La revue, dont le titre signifie qu’elle a pour souci essentiel la rencontre scientifique et évangélique entre chrétiens et musulmans, est rédigée moitié en français et moitié en anglais, avec l’un ou l’autre article ou document en arabe, ce qui n’est pas sans compliquer sa préparation. Son comité de rédaction est composé de professeurs, musulmans et chrétiens, qui sont engagés dans ce même effort de dialogue interreligieux et qui participent, de près ou de loin, à l’enseignement du PISAI. Faut-il fournir des statistiques ? Avec ses 24 numéros déjà parus, Islamochristiana (format 17X24) a publié 288 articles de recherches, 1 384 pages de notes et documents, couvrant plus ou moins une soixantaine de pays, et 953 pages de recensions de livres ayant trait au dialogue islamo-chrétien (701 titres répertoriés), sans parler des 559 titres de livres d’islamologie qui y ont été présentés.
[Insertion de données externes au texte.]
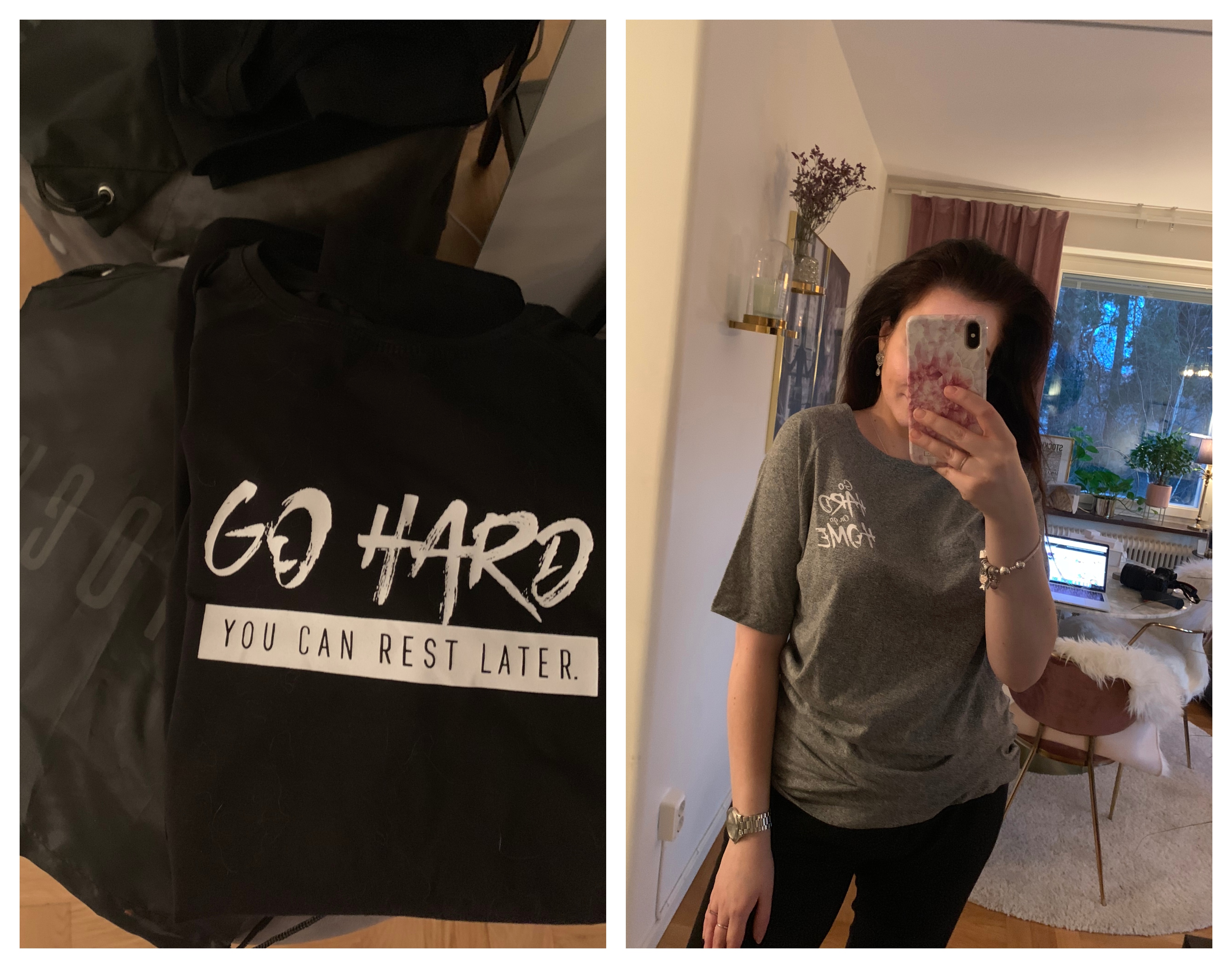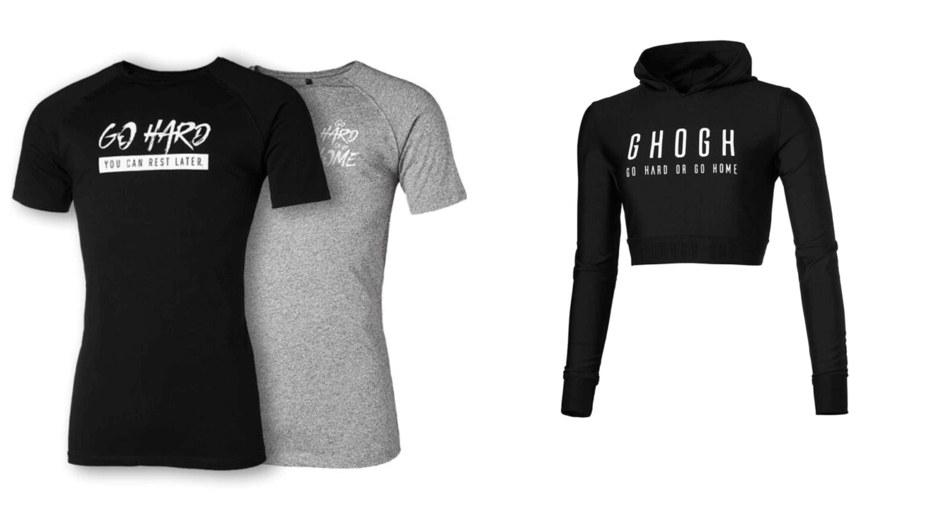 Hur som helst älskar jag att träna i snygga kläder och i matchande sets. Det är så viktigt för mig att jag känner mig bekväm. Jag motiveras helt enkelt att träna i snygga outfits, passande för gym 🙂 Skulle aldrig gå ut på en powerwalk eller gå till gymmet i solkiga träningskläder. Skulle heller aldrig visa upp mig på gymmet i kläder som jag använder i andra sammanhang. På gymmet ska man ha ”gym kläder” och inget annat. Med fina träningskläder blir ju träningen så mycket roligare. Håller ni inte med mig? Jag blir i alla fall så mycket mer inspirerad till att gå och träna i fina och bekväma kläder. Mina senaste tränings outfits kommer ifrån GHOGH som står för ”go hard or go home”. Älskar detta citat för det är ju exakt så jag är som person. Jobbar jag så jobbar jag, tränar jag så tränar jag. Och jag gör varje aktivitet till 100%.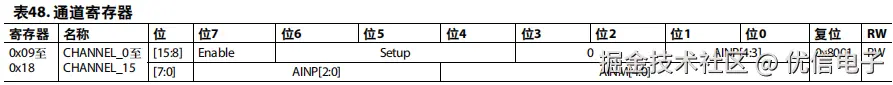 CHANNEL通道寄存器(0x09~0x18):置通道(AINP输入和AINM输入),使能或禁用通道,以及选择设置。设置可从用户定义的8种不同选项中选择。当ADC转换时,它会自动遍历所有使能的通道。如果需要,用户可以在一个序列中对某些通道多次采样。此位,用户还可以将诊断功能包括在序列之中。
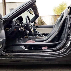 These Cybul door bars for Mazda MX-5 NC provide superior side impact protection for vehicle occupants and help stiffen the chassis for more precise handling. They are made from CNC cut 40 x 2 E355 steel tubing that conforms to FIA appendix J and are powder-coated to matte black.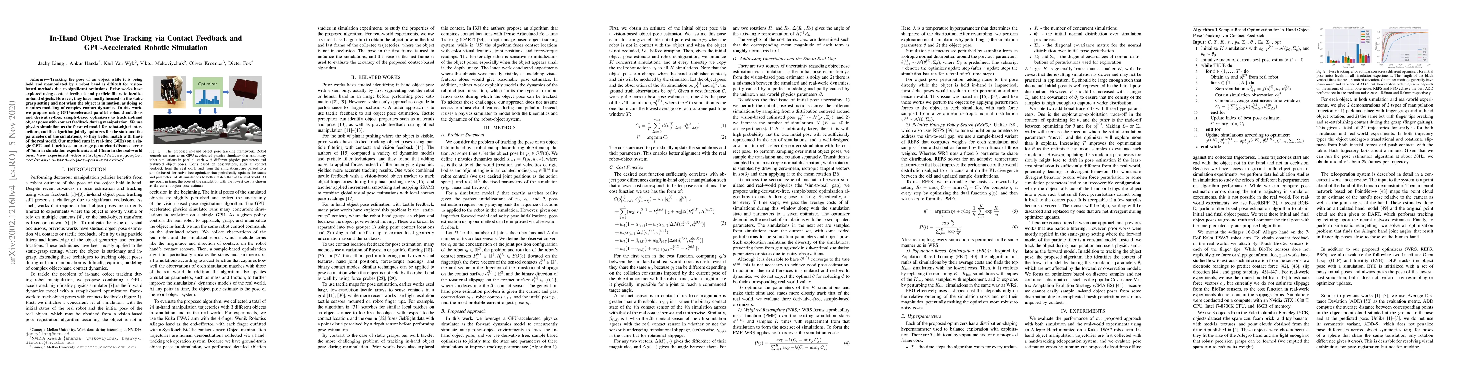 Tracking the pose of an object while it is being held and manipulated by a robot hand is difficult for vision-based methods due to significant occlusions. Prior works have explored using contact feedback and particle filters to localize in-hand objects. However, they have mostly focused on the static grasp setting and not when the object is in motion, as doing so requires modeling of complex contact dynamics. In this work, we propose using GPU-accelerated parallel robot simulations and derivative-free, sample-based optimizers to track in-hand object poses with contact feedback during manipulation. We use physics simulation as the forward model for robot-object interactions, and the algorithm jointly optimizes for the state and the parameters of the simulations, so they better match with those of the real world. Our method runs in real-time (30Hz) on a single GPU, and it achieves an average point cloud distance error of 6mm in simulation experiments and 13mm in the real-world ones. View experiment videos at https://sites.google.com/view/in-hand-object-pose-tracking/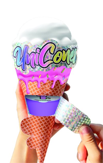 TV položkaPosbírej je všechny. V tomto kornoutu najdeš spoustu překvapení. Kortout se skládá ze 4 částí v nichž je ukryt jednorožec a úžasné doplňky, které si můžete vyměňovat. Samozřejmě nemůže chybět ani sliz.

Tirant à 1 000 exemplaires, cette revue constitue une « somme » d’études et d’informations sur la « relation islamo-chrétienne » à travers l’histoire et surtout de nos jours. Elle est reçue par de très nombreuses bibliothèques de pays islamiques et d’universités, tant européennes qu’américaines, africaines ou asiatiques. Sa documentation est à la disposition des revues et des bulletins qui, localement, ont intérêt à en divulguer le contenu.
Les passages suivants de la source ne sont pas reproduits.